Count yourself lucky OP, you have people where you study.


----------



## Disneywoman (Apr 15, 2018)

I'm out of college and my close friends are from high school. But I haven't been able to see them


----------



## goo3 (Apr 12, 2018)

karina123 said:


> At college I have met multiple people that I would consider acquaintances and friends, but there is only one person who I consider a CLOSE friend (my best friend). I actually only have two close friends overall if you count people from high school. Well graduation is coming up and I'm thinking- where did I go wrong? How do I not have more close friends? What is my social life going to be like after graduation? Just wondering if this is common or bad and if anyone has advice. Thanks.

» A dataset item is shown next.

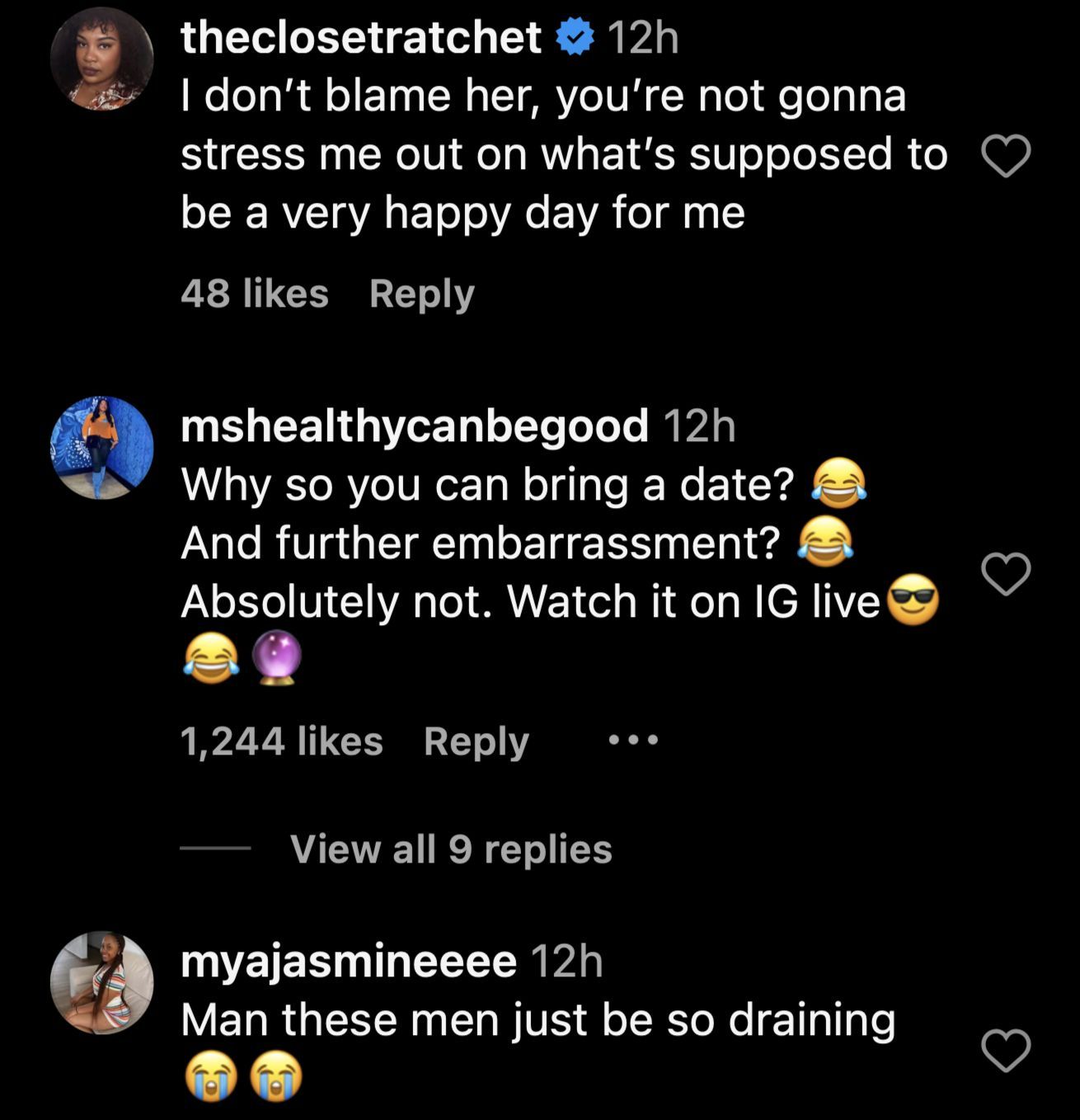 "Why so you can bring a date? 😂 And further embarrassment? 😂 Absolutely not. Watch it on IG live😎😂🔮," another suggested.

you know,after college i have no friends from there,but there i always was friendly and talking with some of people.


----------



## RSxo (Apr 19, 2018)

Hi there!x

Some people have lots of close friends, others don't. Some people will stay with those close friends for decades, others for days. Appreciate what you have, for it may be gone tomorrow!x

Much love <3


----------



## cosmicKitten (Mar 1, 2016)

my two closest friends are also from high school. All the friends I've made in uni thus far have slowly faded away and come back into my life at random periods. They're more "fairweather friends" than anything, which is fine really, considering we only hang out to party and stuff. It's definitely harder to make close friends here, I find- everybody's just worried about their own stuff ya know


----------



## gentlefern (May 1, 2018)

I don't think it's all that weird, especially if you're a commuter like I am, who doesn't live on campus, because you're not spending as much time there. It's much harder to make friends as an adult, because when we were younger the only necessary requirements to make friends, were proximity, and well only a handful of interests. You have to try a lot harder as an adult when making friends because you have to be entertaining, and fit in with their lifestyle, do they drink, do they not drink, do they enjoy clubbing, or reading a book. People are more picky the older they get.


----------



## andy0128 (Dec 19, 2003)

I had about 3 friends when i was at college but it still felt like few. They themselves had other friends or girlfriends so i felt a bit ridiculous when they weren't available as i had no one to hang out with. 99% of the people i went to school with i never saw again and of the ones i did they became more like enemies.


----------



## CastawayGaming (Feb 1, 2015)

Hopefully quality is better than quantity in your case


----------



## jmn51297 (Jul 7, 2018)

I'm in the same situation as you but maybe a little worse. I haven't been able to make any friends in college, though I do have acquaintances. Obviously I would like to have friends, and have had many chances to do so, but seem to be incapable of pushing myself to actually be social and personable consistently.


----------



## Tom3002 (Jan 2, 2017)

I always believed that it’s not the quantity that counts, rather the quality of the people you’re friends with. It’s much better to have just one really great friend than five who are not real friends.


----------